To integrate snow processes and reduce the uncertainties from non-stationarity of temperature, the ROS index could be used in lieu of our heavy rain and warm index. However, this index is not projected to be more frequent in the future in the Great Lakes region, precisely because of less snow in the ground (Jeong and Sushama, 2018). Moreover, the ROS index integrates events with a very small contribution of snowmelt to the high flows while neglecting rainfall-only events (Cohen et al., 2015; Jeong and Sushama, 2018; Pradhanang et al., 2013). The definition of ROS also introduces more uncertainties, as it depends on the combination of simulated precipitation and temperature for several days (Kudo et al., 2017). Our heavy rain and warm index minimizes this uncertainty and takes into consideration heavy rainfall regardless of the amount of snow covering the ground. It is therefore a good tool to assess the potential risk of high flows in southern Ontario from all ranges of rain events, even though it is important to keep in mind that the flood risk diminished as snowpack decreases. A rain-only index could also be used but the impact of snowpack on streamflow would be completely eradicated, while snow would still play a role in the future hydrology. ROS events, liquid precipitation events and our heavy rain and warm events, ideally with multi-day events integrated, should be investigated together to fully understand the future evolution of the flood risk due to a shift in weather extreme events.

5 Conclusion

The aim of this study was to assess the ability of the Canadian Regional Climate Model large ensemble (CRCM5-LE), a downscaled version of the 50-member global Canadian model large ensemble (CanESM2-LE), to simulate winter hydrometeorological extreme events in southern Ontario and to investigate how the internal variability of climate will modulate the future evolution of these extremes. The winter compound index heavy rain and warm temperature was identified in the past with gridded observation data (NRCANmet) by investigating what conditions of temperature and precipitation are necessary to produce a high flow in three watersheds in southern Ontario. The PRMS model was used to simulate the future evolution of high flows for each member of CRCM5-LE in these three watersheds. The large-scale circulation patterns corresponding to these events were assessed by identifying past recurrent weather regimes based on daily Z500 from the 20th century reanalyses and estimating the evolution of the same weather regimes in the future for each member of CanESM2-LE. The results of this study show that CRCM5-LE was able to

  1. recreate the historical larger number of events close to Lake Erie despite an overestimation of warm events;

  2. simulate more heavy rain and warm events as well as high flows during the regimes associated with high pressure anomalies on the Great Lakes (HP) and the Atlantic Ocean (South); and

  3. project an increase in the future number of heavy rain and warm events and associated high flows especially during the HP and South regimes and in the vicinity of Lake Erie.

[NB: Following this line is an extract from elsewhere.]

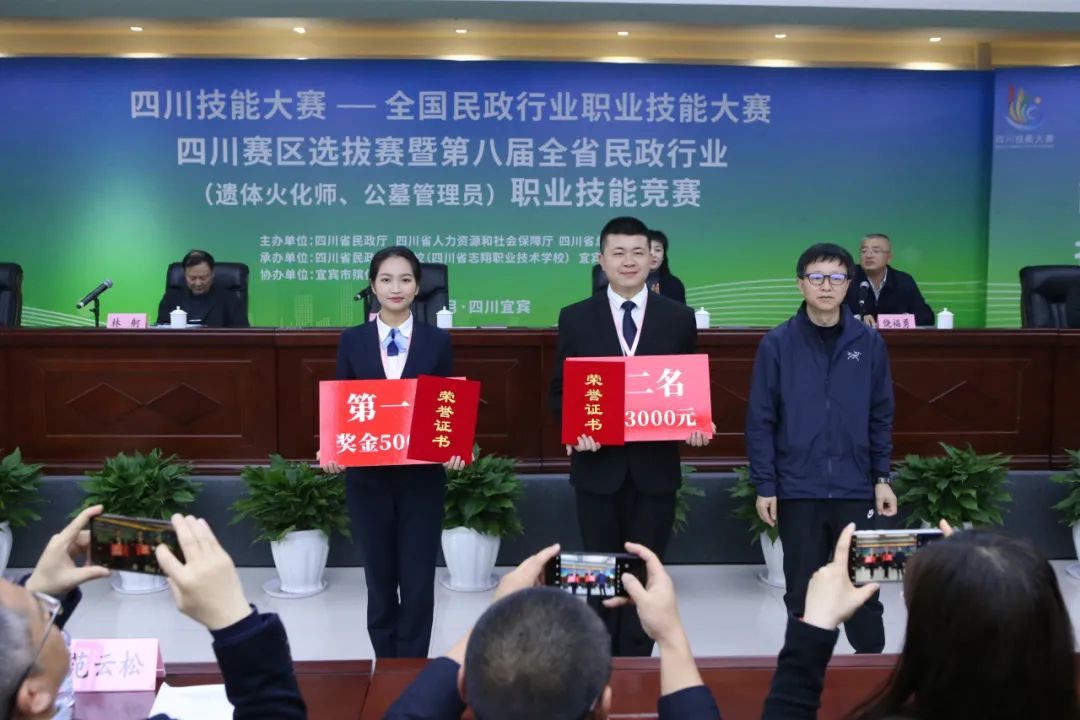 经过两天的激烈角逐,比赛最终决出了一等奖2名、二等奖3名、三等奖10 名。其中,来自眉山市代表队的任伟、宜宾市代表队的向薇分别获得遗体火化师与公墓管理员职业技能竞赛第一名。据悉,两名选手将获得由四川省人力资源和社会保障厅、四川省总工会授予“四川省技术能手”荣誉称号,而比赛名列前茅的选手,也将被推荐代表四川参加全国民政行业职业技能竞赛决赛。

These results suggest that depending on the future evolution of natural variability of climate, the increase in the number of events will be amplified or attenuated by the favoured positions of the pressure systems. The natural variability of climate is not expected to greatly modulate the number of high flows due to an increase of the importance of precipitation in generating high flows. The role of more localized processes such as impact of the lakes on precipitation events needs to be further evaluated to improve the ability of the next versions of regional climate models to recreate the precipitation events. The newly created weather index did not integrate snowpack because the uncertainties in the ability of CRCM5-LE to recreate precipitation and temperature extremes on a daily basis would be further increased in snowmelt estimates. However, snowpack variability will have a large impact in the modulation of high flows in the region, and future studies should investigate snow processes by taking advantage of rapid improvements in climate regional modelling. Other regional climate models and different scenarios should also be used to improve our understanding of the future evolution of hydrometeorological extreme events in southern Ontario. Despite these future possible improvements, our study gives a good estimation of what to expect in terms of change in number of hydrometeorological events in southern Ontario and will serve to better estimate the future flood risk in this populated region.

Data availability

The historical hydrometric data can be extracted from the Environment and Climate Change Canada Historical Hydrometric Data website (https://wateroffice.ec.gc.ca/mainmenu/historical_data_index_e.html, last access: 3 February 2020) (Environment and Climate Change Canada, 2020). PRMS model codes are accessible from the USGS website (https://www.usgs.gov/software/precipitation-runoff-modeling-system-prms, last access: 24 March 2020) (USGS, 2020). CRCM5-LE data are not publicly available. Martin Leduc should be contacted for any request (leduc.martin@ouranos.ca). Model simulations and sequences of weather regimes are available upon request from M. Altaf Arain (arainm@mcmaster.ca).

Supplement

The supplement related to this article is available online at: https://doi.org/10.5194/esd-11-301-2020-supplement.

Author contributions

ML furnished CRCM5-LE data. OC performed the analyses and made the figures. OC prepared the manuscript with contributions from all co-authors.

Competing interests

The authors declare that they have no conflict of interest.

Special issue statement

This article is part of the special issue “Large Ensemble Climate Model Simulations: Exploring Natural Variability, Change Signals and Impacts”. It is not associated with a conference.

Acknowledgements

We are acknowledging the reviewers who gave constructive comments during the publication process. Financial support for this study was provided by the Natural Sciences and Engineering Research Council (NSERC) of Canada through the FloodNet Project. We also acknowledge support and contributions from Global Water Future Program, Environment and Climate Change Canada, Natural Resources Canada and Water Survey of Canada. The production of ClimEx was funded within the ClimEx project by the Bavarian State Ministry for the Environment and Consumer Protection. CRCM5 was developed by the ESCER centre of Université du Québec à Montréal (UQAM) in collaboration with Environment and Climate Change Canada. We acknowledge Environment and Climate Change Canada's Canadian Centre for Climate Modelling and Analysis for executing and making available the CanESM2 large ensemble simulations used in this study, and the Canadian Sea Ice and Snow Evolution Network for proposing the simulations. Computations with CRCM5 for the ClimEx project were made on the SuperMUC supercomputer at Leibniz Supercomputing Centre (LRZ) of the Bavarian Academy of Sciences and Humanities. The operation of this supercomputer is funded via the Gauss Centre for Supercomputing (GCS) by the German Federal Ministry of Education and Research and the Bavarian State Ministry of Education, Science and the Arts.

Financial support

This research has been supported by the NSERC (grant no. NETGP 451456).

Review statement

This paper was edited by Nicola Maher and reviewed by two anonymous referees.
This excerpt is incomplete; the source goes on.